##### Data supplied

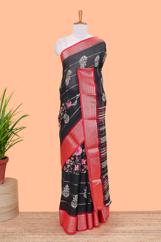 Black striped floral design chiffon georgette saree with contrast border and matching blouse
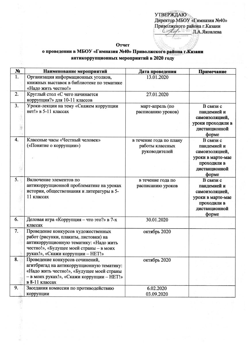 Отчет о выполнении плана мероприятий по антикоррупции за 2019 год МБОУ "Гимназия №40"
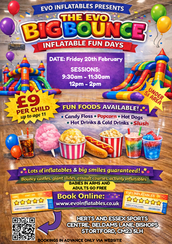 To all our customers old and new, we thank you for your business throughout the years and we wish you a Happy New Year - Evo are very excited about 2026 and we hope you are too! We provide bouncy fun at schools, festivals, corporate events, in gardens, halls and even at weddings. Plus we hold our own Evo Bounce Days throughout the year either indoors or outside at locations around Essex and Hertfordshire. Our ever popular indoor bounce days are now on sale for February Halterm and will be taking place at a venue near you in Essex and Hertfordshire. Tickets must be purchased in advance at indoor events - just click on the flyers below to take you through to the different events. New venues will be posted soon! Watch this space!
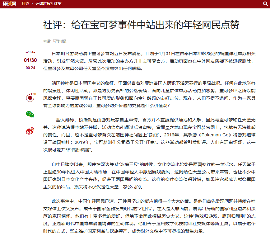 针对这一事件,《环球时报》发表社评,对挺身而出的中国年轻网民给予高度评价。社评指出,年轻一代在第一时间发声,态度迅速、理性且坚定,在涉及历史是非和国家立场的问题上,展现出清晰的国家利益边界和深厚的家国情怀。“游戏归游戏、原则归原则”,这种分寸感和价值判断,正是新时代中国青年爱国精神的生动体现。社评认为,这些年轻网民善于运用数字技术和社交平台,以符合时代特征的方式表达立场、捍卫尊严,既有情绪温度,也守住理性底线,正在成为对外交往与公共议题讨论中一股不可忽视的新生力量。
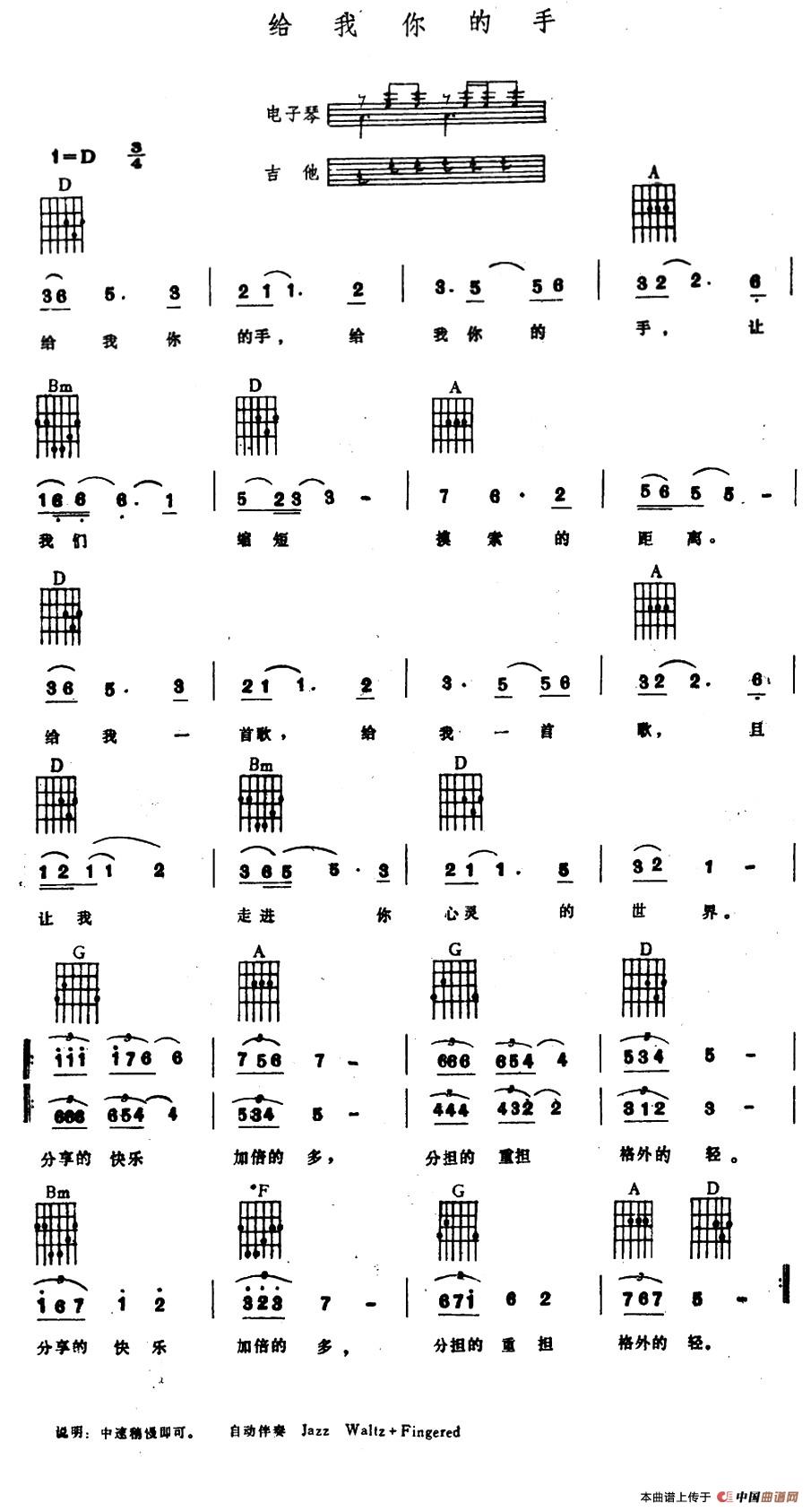 给我你的手(电子琴吉他弹唱谱)

##########

## Problem description
Restate the data word for word while omitting each picture.

## Output for this task
 Black striped floral design chiffon georgette saree with contrast border and matching blouse
 Отчет о выполнении плана мероприятий по антикоррупции за 2019 год МБОУ "Гимназия №40"
 To all our customers old and new, we thank you for your business throughout the years and we wish you a Happy New Year - Evo are very excited about 2026 and we hope you are too! We provide bouncy fun at schools, festivals, corporate events, in gardens, halls and even at weddings. Plus we hold our own Evo Bounce Days throughout the year either indoors or outside at locations around Essex and Hertfordshire. Our ever popular indoor bounce days are now on sale for February Halterm and will be taking place at a venue near you in Essex and Hertfordshire. Tickets must be purchased in advance at indoor events - just click on the flyers below to take you through to the different events. New venues will be posted soon! Watch this space!
 针对这一事件,《环球时报》发表社评,对挺身而出的中国年轻网民给予高度评价。社评指出,年轻一代在第一时间发声,态度迅速、理性且坚定,在涉及历史是非和国家立场的问题上,展现出清晰的国家利益边界和深厚的家国情怀。“游戏归游戏、原则归原则”,这种分寸感和价值判断,正是新时代中国青年爱国精神的生动体现。社评认为,这些年轻网民善于运用数字技术和社交平台,以符合时代特征的方式表达立场、捍卫尊严,既有情绪温度,也守住理性底线,正在成为对外交往与公共议题讨论中一股不可忽视的新生力量。
 给我你的手(电子琴吉他弹唱谱)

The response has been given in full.